## INSTRUCTIONS FOR THE TASK
Transcribe the whole listing exactly; the images stay out.

━━ DATASET EXCERPT

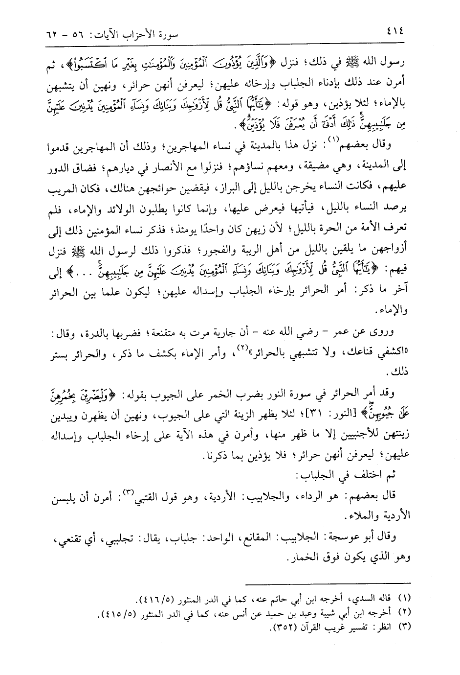 رسول اللَّه - صَلَّى اللَّهُ عَلَيهِ وَسَلَّمَ - في ذلك، فنزل (وَالَّذِينَ يُؤْذُونَ الْمُؤْمِنِينَ وَالْمُؤْمِنَاتِ بِغَيْرِ مَا اكْتَسَبُوا)، ثم أمرن عند ذلك بإدناء الجلباب وإرخائه عليهن؛ ليعرفن أنهن حرائر، ونهين أن يتشبهن بالإماء؛ لئلا يؤذين، وهو قوله: (يَا أَيُّهَا النَّبِيُّ قُلْ لِأَزْوَاجِكَ وَبَنَاتِكَ وَنِسَاءِ الْمُؤْمِنِينَ يُدْنِينَ عَلَيْهِنَّ مِنْ جَلَابِيبِهِنَّ ذَلِكَ أَدْنَى أَنْ يُعْرَفْنَ فَلَا يُؤْذَيْنَ وَكَانَ اللَّهُ غَفُورًا رَحِيمًا (59)
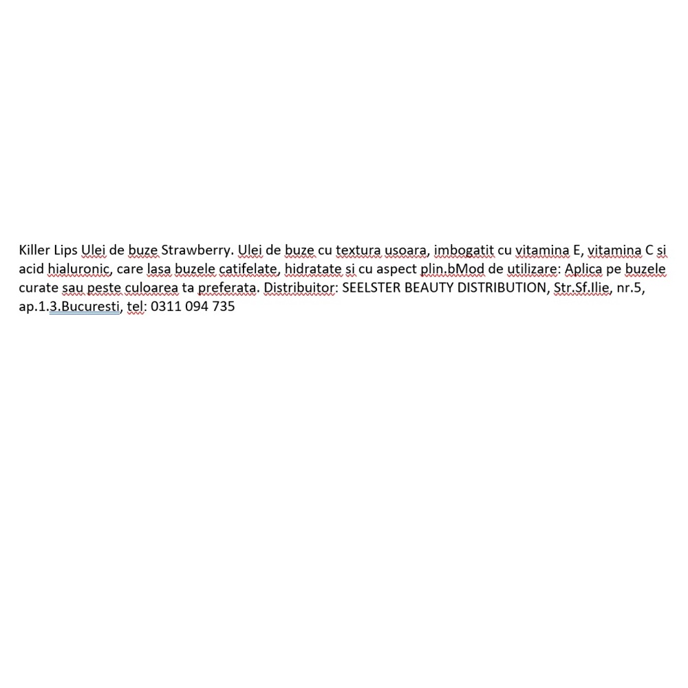 Farmacia Tei intelege importanta informatiilor prezentate in aceasta pagina si face eforturi permanente pentru a le pastra actualizate. Singura situatie in care informatiile prezentate despre Ulei de buze cu vitamina E, vitamina C si acid hialuronic Strawberry Lip Oil, 3.8 ml, Killer Lips pot fi diferite fata de cele prezentate pe site este aceea in care producatorul/importatorul aduce modificari specificatiilor/etichetei acestuia, fara a ne informa in prealabil. In cazul aparitiei unor diferente, prevaleaza informatia de pe etichetele produsului fizic.
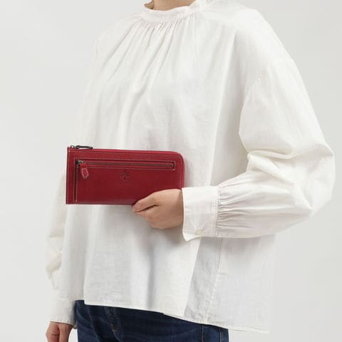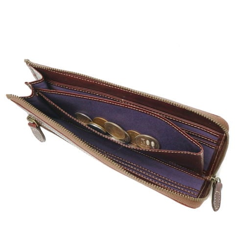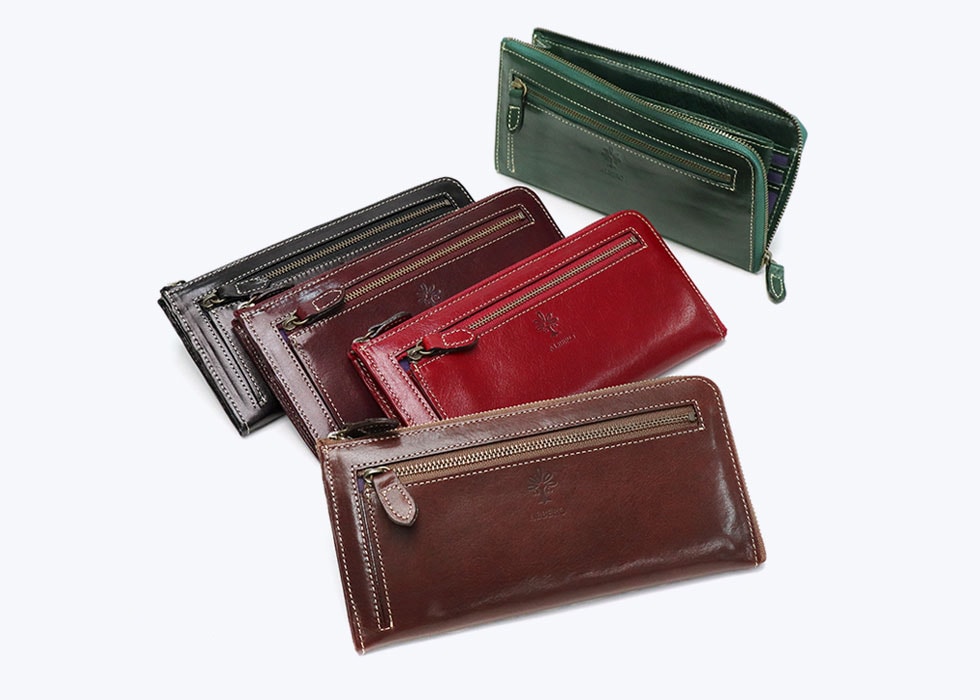 透明感あるレザーの美しい表情が魅力的な『OLDMADRAS/オールドマドラス』シリーズのL字ファスナー財布。イタリア製の牛革にタンポナートと呼ばれる手染めを施すことにより光沢を出し、奥深い風合いに仕上げています。薄マチデザインのためバッグの中でもかさばることがなく、使い勝手抜群のアイテムです。

━━━━

## ANSWER FOR THIS EXERCISE
 رسول اللَّه - صَلَّى اللَّهُ عَلَيهِ وَسَلَّمَ - في ذلك، فنزل (وَالَّذِينَ يُؤْذُونَ الْمُؤْمِنِينَ وَالْمُؤْمِنَاتِ بِغَيْرِ مَا اكْتَسَبُوا)، ثم أمرن عند ذلك بإدناء الجلباب وإرخائه عليهن؛ ليعرفن أنهن حرائر، ونهين أن يتشبهن بالإماء؛ لئلا يؤذين، وهو قوله: (يَا أَيُّهَا النَّبِيُّ قُلْ لِأَزْوَاجِكَ وَبَنَاتِكَ وَنِسَاءِ الْمُؤْمِنِينَ يُدْنِينَ عَلَيْهِنَّ مِنْ جَلَابِيبِهِنَّ ذَلِكَ أَدْنَى أَنْ يُعْرَفْنَ فَلَا يُؤْذَيْنَ وَكَانَ اللَّهُ غَفُورًا رَحِيمًا (59)
 Farmacia Tei intelege importanta informatiilor prezentate in aceasta pagina si face eforturi permanente pentru a le pastra actualizate. Singura situatie in care informatiile prezentate despre Ulei de buze cu vitamina E, vitamina C si acid hialuronic Strawberry Lip Oil, 3.8 ml, Killer Lips pot fi diferite fata de cele prezentate pe site este aceea in care producatorul/importatorul aduce modificari specificatiilor/etichetei acestuia, fara a ne informa in prealabil. In cazul aparitiei unor diferente, prevaleaza informatia de pe etichetele produsului fizic.
 透明感あるレザーの美しい表情が魅力的な『OLDMADRAS/オールドマドラス』シリーズのL字ファスナー財布。イタリア製の牛革にタンポナートと呼ばれる手染めを施すことにより光沢を出し、奥深い風合いに仕上げています。薄マチデザインのためバッグの中でもかさばることがなく、使い勝手抜群のアイテムです。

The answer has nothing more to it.